I'm not bagging on Andrew or bagyard in any way these are just my thoughts on all products from all manufactors. I know Andrew is a good guy and would do whatever in his power to fix problems that may arise. I only ask these questions to gain knowledge of the overall product itself. If you never ask you'll never know.


----------



## Mr. Appleton (May 16, 2009)

*Re: (royalaird)*


_Quote, originally posted by *royalaird* »_I'm not bagging on Andrew or bagyard in any way these are just my thoughts on all products from all manufactors. I know Andrew is a good guy and would do whatever in his power to fix problems that may arise. I only ask these questions to gain knowledge of the overall product itself. If you never ask you'll never know. 

Understandable Zack. I have had the clunking noise since day one. Changed control arms, tie rods, ball joints, bushings and bearings. Hell I just did my wheel bearings because I was getting a horrible vibration on the highway. So basically the pads/rotors/calipers/wheel bearing housings havent been touched.


----------



## FastAndFurious (Feb 2, 2002)

*Re: (Mr. Appleton)*

Were you part of the big group buy? or did you order seperatly?


----------



## Mr. Appleton (May 16, 2009)

*Re: (FastAndFurious)*


_Quote, originally posted by *FastAndFurious* »_Were you part of the big group buy? or did you order seperatly?

group buy


----------



## SoloGLI (Jan 20, 2005)

I wonder if it had to do with the batch of struts made in the group buy? I'm about to change rotors, pads, bushings, and possibly ball joints and see if any of that helps for me. It doesn't seem like it affects performance of the struts, but I dunno... I haven't really put them through any abuse since I noticed the clanking.


----------



## royalaird (Aug 22, 2007)

*Re: (SoloGLI)*


_Quote, originally posted by *SoloGLI* »_I wonder if it had to do with the batch of struts made in the group buy? I'm about to change rotors, pads, bushings, and possibly ball joints and see if any of that helps for me. It doesn't seem like it affects performance of the struts, but I dunno... I haven't really put them through any abuse since I noticed the clanking. 

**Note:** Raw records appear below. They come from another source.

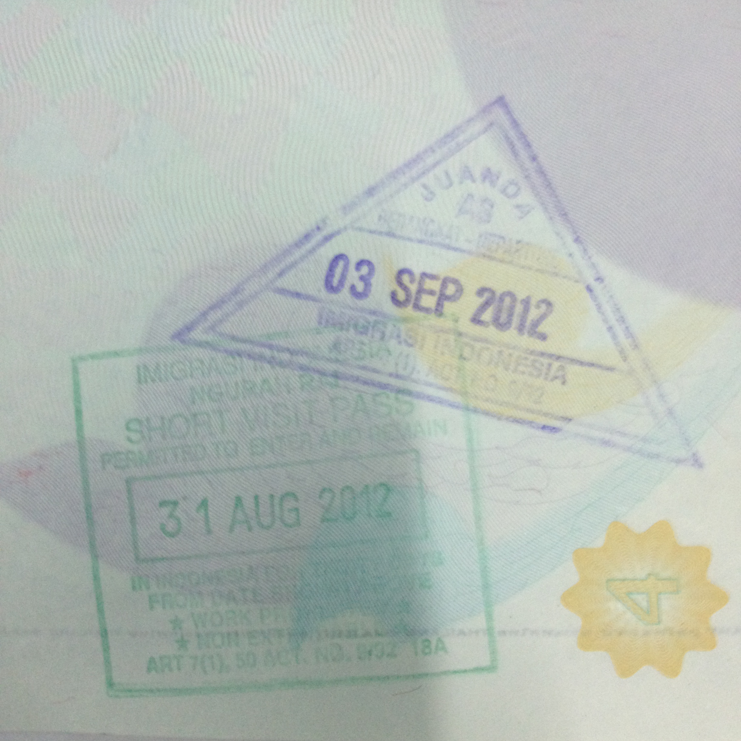 Entry and exit stamps at Ngurah Rai International Airport and Juanda International Airport.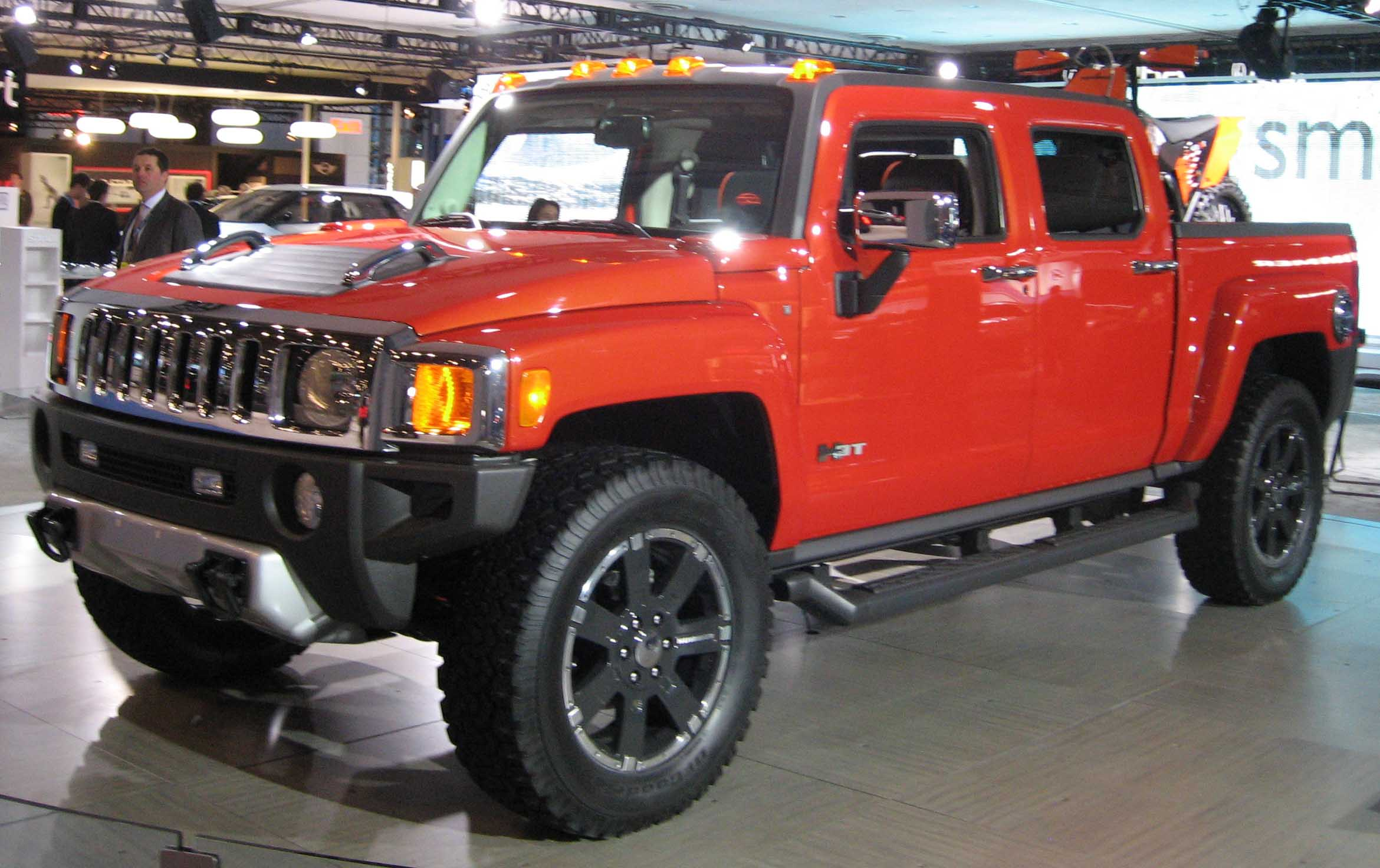 Hummer H3T photographed at the 2008 New York Auto Show.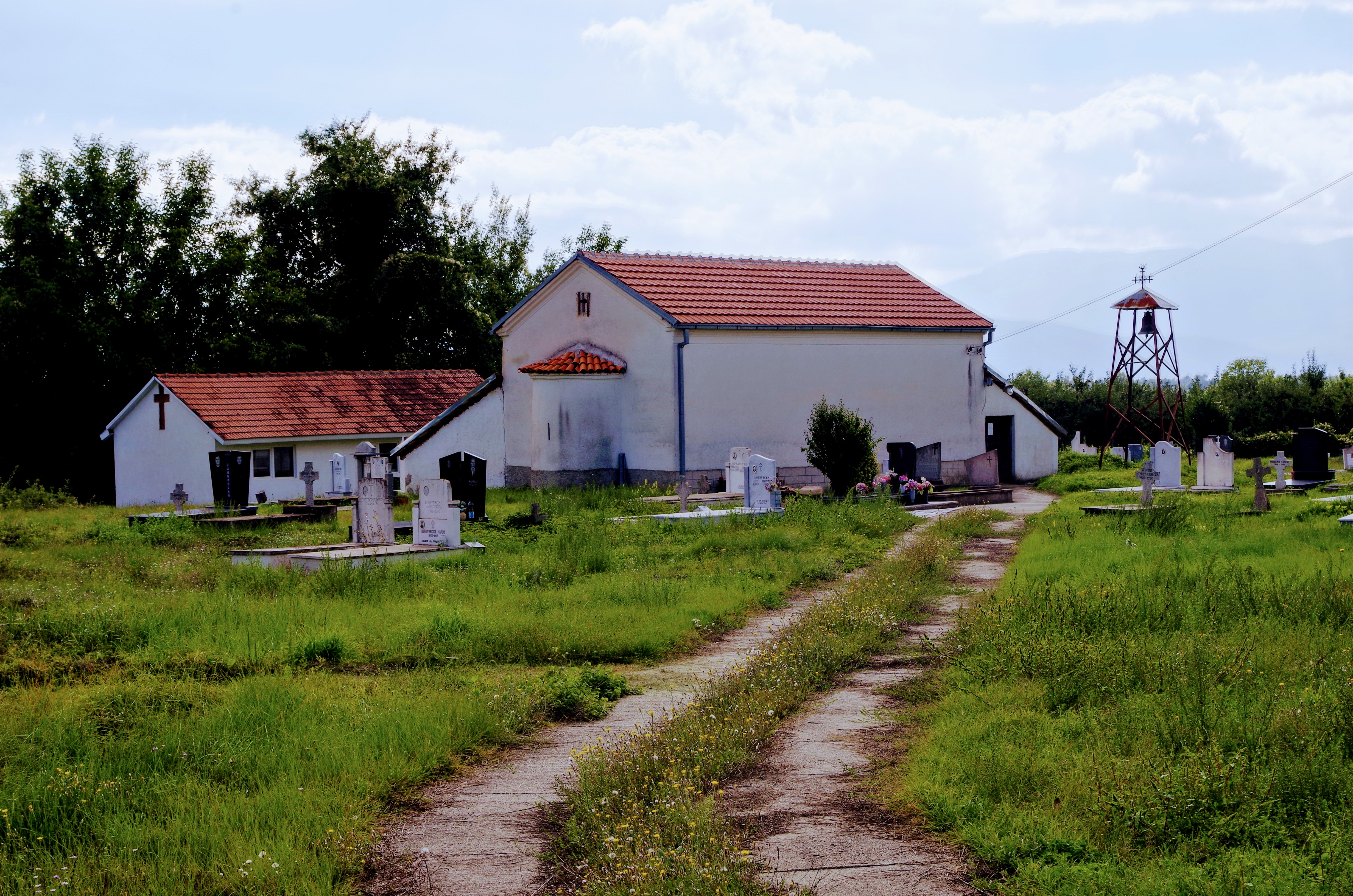 View of the St. Athanasius Church in the village Grnčari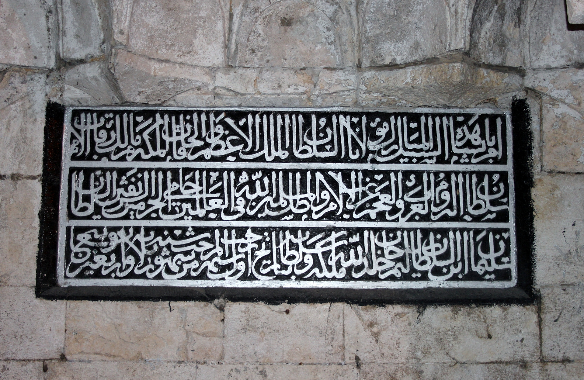 Old City of Jerusalem, June 21, 2012. Muslim Quarter.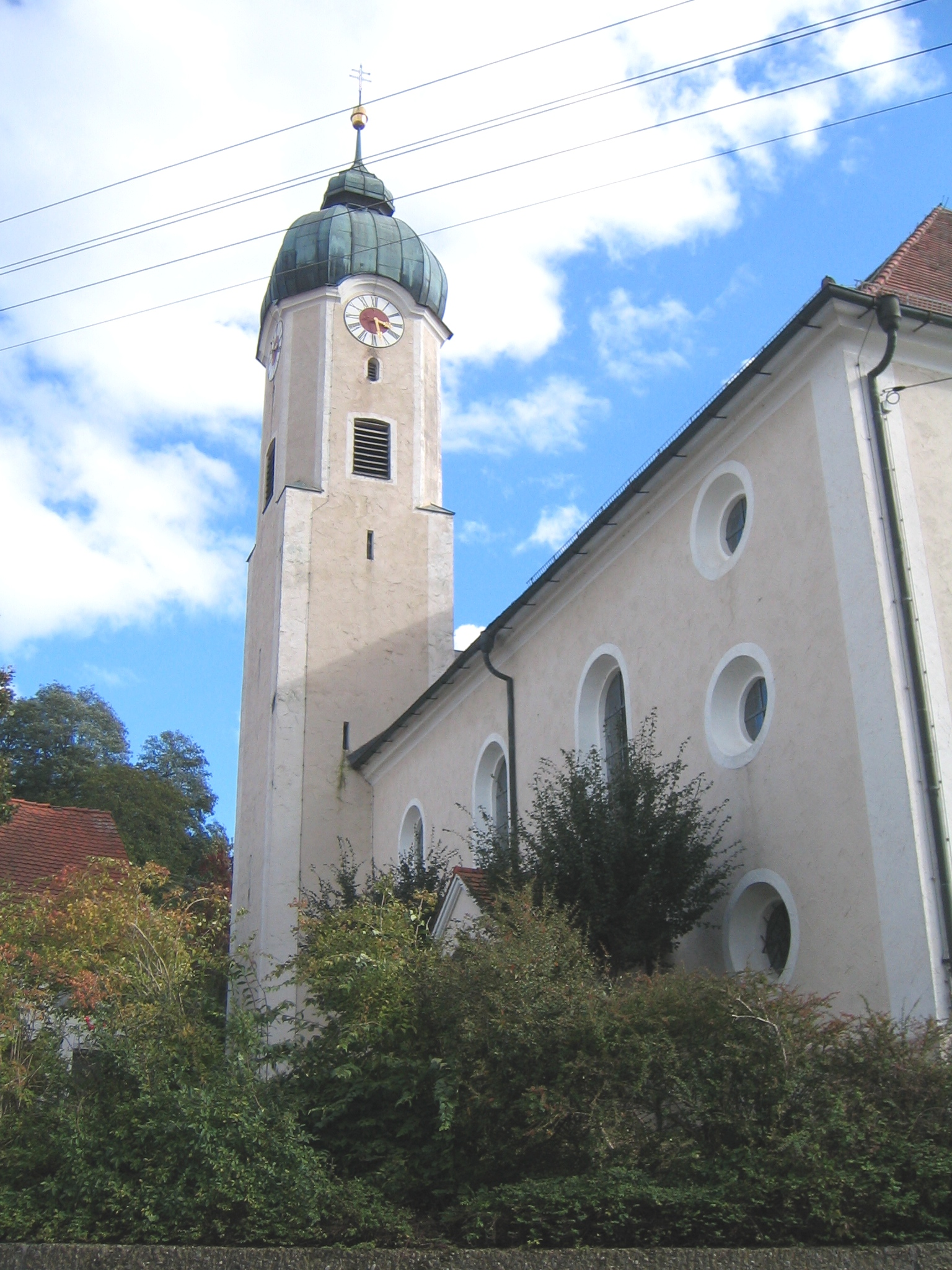 Parish church (Saint Valentin) in the village of Markt Buch in Bavaria, Germany

The ones that my friend has that clunks were part of the group by as well.


----------



## Swoops (Nov 16, 2004)

*Re: (royalaird)*

is this clunking you all speak of coming from the driverside when you hit bumps and imperfections in the road? not a loud hard clunk but a dull soft clunk, usually many in a row depending on the size of the bump? if so i have it too and dont have bagyards from the group buy. but i dont mind if it is the strut cause it doesnt leak and isnt blow and i can only hear it in the car. no biggie.


----------



## Mr. Appleton (May 16, 2009)

*Re: (Swoops)*


_Quote, originally posted by *Swoops* »_is this clunking you all speak of coming from the driverside when you hit bumps and imperfections in the road? not a loud hard clunk but a dull soft clunk, usually many in a row depending on the size of the bump? if so i have it too and dont have bagyards from the group buy. but i dont mind if it is the strut cause it doesnt leak and isnt blow and i can only hear it in the car. no biggie.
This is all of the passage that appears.